I don’t know how to tell my friends I need to talk. Like I really need to outward process right now.

I don’t know how to tell them I want to spend time with them. I want to have fun again. I want to sleep in the sun. I want to hear how they are. I want a hug.

I don’t know how to tell them that I really don’t need space right now. But more than anything, I need to know that I still have friends. Actually.

Just because my husband died doesn’t mean that I did too. But people across the grocery store still see me and run.

And I get it. No one knows what to say. No one knows what to do. And enough time has passed now that people feel guilty. It’s a good thing I was picked on when I was small because rejection isn’t that shocking.

When people don’t know I’m widowed, I’m more interesting. But now I’m not just widowed. My mother is dead too. My sibling had a breakdown. And I’m a little overwhelmed by the complexity of the things I’m trying to process. Alone.
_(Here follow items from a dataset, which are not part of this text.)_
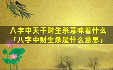在八字命理学中 🐝 ,天干财生杀指 🐛 的是日柱天干为财星(正财或偏财),而(月令地支为杀星正官或七杀)。这种格 🦟 局具有以下含义: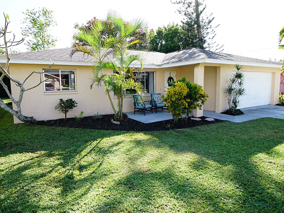 Check out this gem, in the highly desirable Country Club neighborhood. This 3/2 home has a beautifully updated granite kitchen complete with stainless steel appliances. The home has an open concept living space with ceramic tile, updated in 2015. Master bedroom with walk in closet and on suite bathroom recently remodeled, complete with walk in rain shower. Large screened in lanai overlooking private back yard with mature landscaping, with plenty of room for a pool. Several Updates completed in nov 2018, including new roof and new carpet in bedrooms. Home is a short drive to Fort myers, dining and entertainment. Assessments are paid in full. No HOAs. Home is across the street from waterfront homes, with gulf access. * call (419) 6804086 for information or to set up showing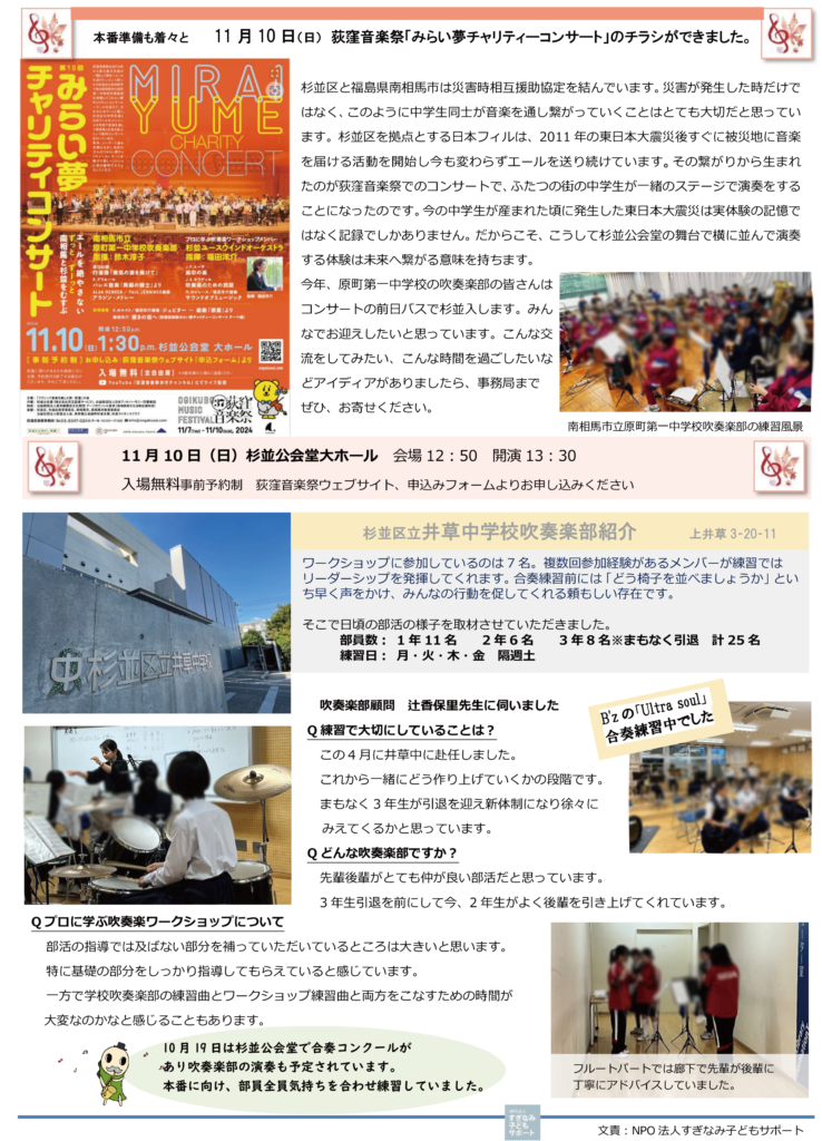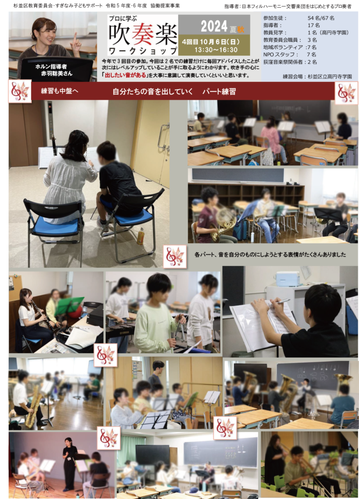 公開日: 2025.02.23 最終更新日: 2025.02.23 活動実績 プロに学ぶ吹奏楽 ワークショップ夏秋 4回目報告 開催日時: 2024年 10月6日 レポート1ページ目の詳細はこちらをクリック! レポート2ページ目の詳細はこちらをクリック! ワークショップ吹奏楽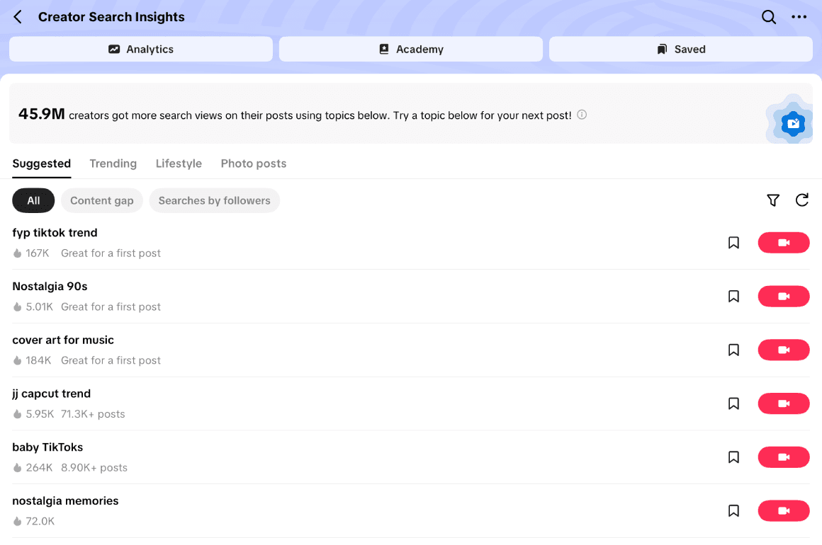 Check Creator Search Insights to see which keywords top creators in your space are using successfully.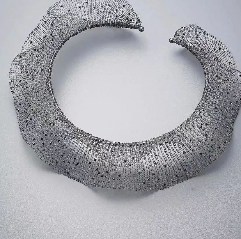 相比于傳統(tǒng)的紡織編織工藝,金屬首飾制作流程差異大,因此需要提前考慮好焊接、澆鑄處理~ 但是金屬編織也有顯著優(yōu)勢(shì),即金屬材料硬度高可塑性強(qiáng),造型設(shè)計(jì)靈活,可以展示出材料的多樣性,體現(xiàn)出金屬編織藝術(shù)首飾的特點(diǎn)。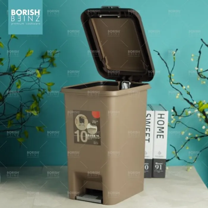 Tempat sampah kotak model Injak dengan fitur penutup ganda berupa tombol diatas tempat sampah dan injakan di bawah tempat sampah untuk kemudahan memasukan sampah kedalam wadah.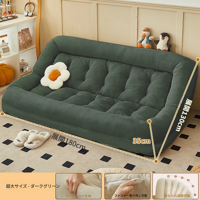 独立内胆ダブルジャイアントベッド【展開180*130cm】肌触りの良いコーデュロイダークグリーン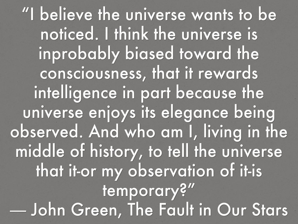 “I believe the universe wants to be noticed. I think the universe is inprobably biased toward the consciousness, that it rewards intelligence in part because the universe enjoys its elegance being observed. And who am I, living in the middle of history, to tell the universe that it-or my observation of it-is temporary?”

The experiences don’t equate, but I hardly feel like I can endure yet another tragedy without a friend. I’m afraid that everyone will really stay away from me now. Just when time had finally flowed maybe enough for people to stop avoiding me.
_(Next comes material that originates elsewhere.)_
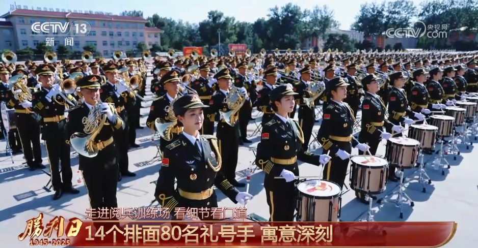 本次聯(lián)合軍樂(lè)團(tuán)在演奏隊(duì)形的編排上,整體設(shè)置了14個(gè)排面,寓意14年抗戰(zhàn);前排設(shè)置了80名禮號(hào)手,寓意抗戰(zhàn)勝利80周年。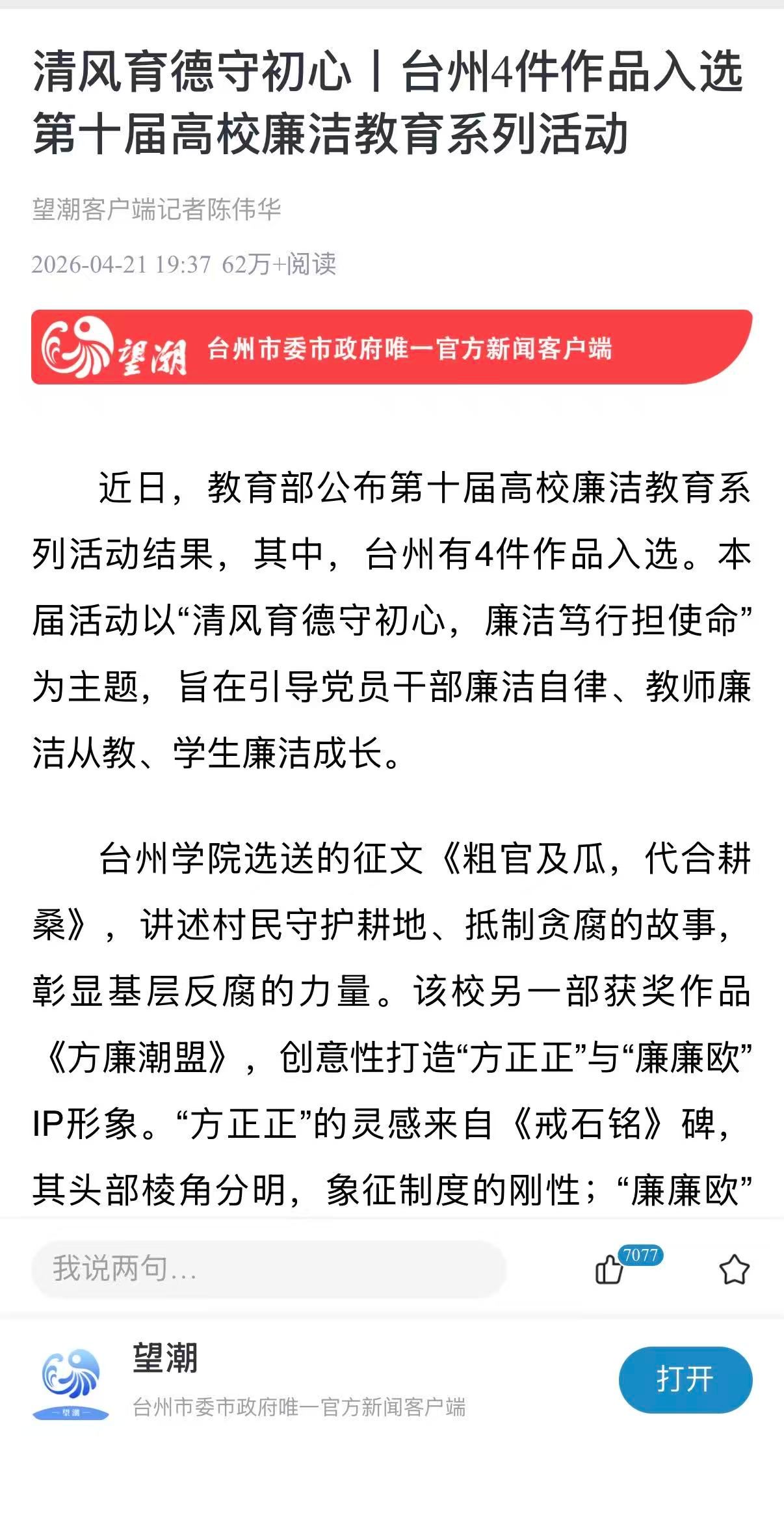 近日,教育部公布第十届高校廉洁教育系列活动结果,其中,台州有4件作品入选。本届活动以“清风育德守初心,廉洁笃行担使命”为主题,旨在引导党员干部廉洁自律、教师廉洁从教、学生廉洁成长。

I so want to do this right.

An old friend told me, “When I think of innocence and tragedy, yours is the first face that pops into my mind. Nothing about your life has ever seemed fair.”

Another said, “You’re the strongest person I know, and I don’t want to do something wrong. So I’ll just stay out of your way.”
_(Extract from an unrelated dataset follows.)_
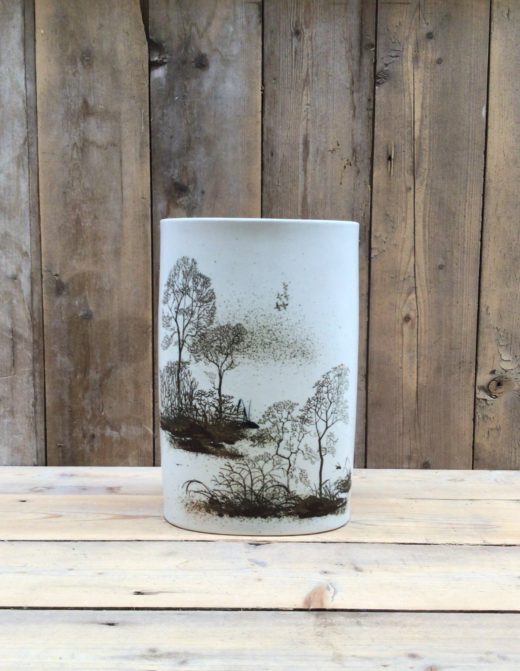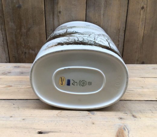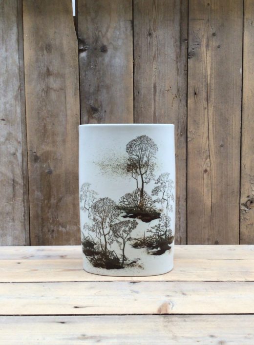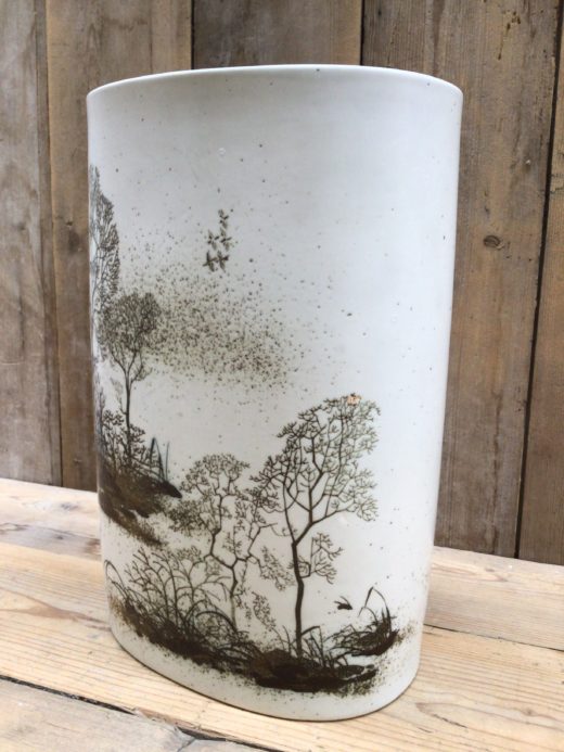Stor oval fajance-vase i klassisk design fra Royal Copenhagen. Træsilhuetter på hvid baggrund.

But in that vacuum, the bad people still show up. The bad things still happen. And I’m not a goddess. I’m not sure I can survive all of this alone. I need friends I can trust around me to offset the inconceivable in my life. I need help making deposits into my bank account of positive experiences that help offset the negative things I can do nothing about.

Please. If I’ve ever been kind to you, if I’ve ever been a friend, don’t leave me to the wolves. Please check on me; let me talk. The black hole whispers.

It’s ridiculous. I move forward all I can. But in times like these — I miss him so much. Because he was more than a love, he was a good friend. And he never abandoned me. I’d sit next to him, and he’d put his arm around me and let me cry, or talk, or sleep. Whatever I needed. And even though I had demons to face, he often just liked to hear my voice. I always came around to the answers I needed if he let me unpack the darkness, lay it on the table, and say its name. If I ever needed to face something, he stood right by me. If I needed to dream, he shared my vision. And that simple loyalty empowered me in ways I never understood until he was gone. I guess I never realized I needed someone to not only believe in me but to bear witness to me. Bear witness to what I was, my scars, what I was becoming. I needed a battle buddy to survive this life.

I didn’t have to entertain him to earn his friendship. I didn’t even have to stay on a pedestal. I could just be his friend. I could just be me: sad or worried or happy or excited. I could be creative without fear. He loved me, yes, but he also simply liked me and wanted to spend time with me, no matter how I showed up. Messy hair, muddy paint splatters, and all. And when I broke my body to have our children, he loved me all the more.

I realize it probably sounds silly, but I miss our friendship. I miss knowing our 6s were always covered. I miss the comfort of being accepted for everything I am, even when I’m traumatized, or nerdy, or strong, or broken. I can’t imagine how I’ll find that again, even in the fragments of friendships left behind. Everyone is so afraid.

And to my shame, perhaps now most of all, me.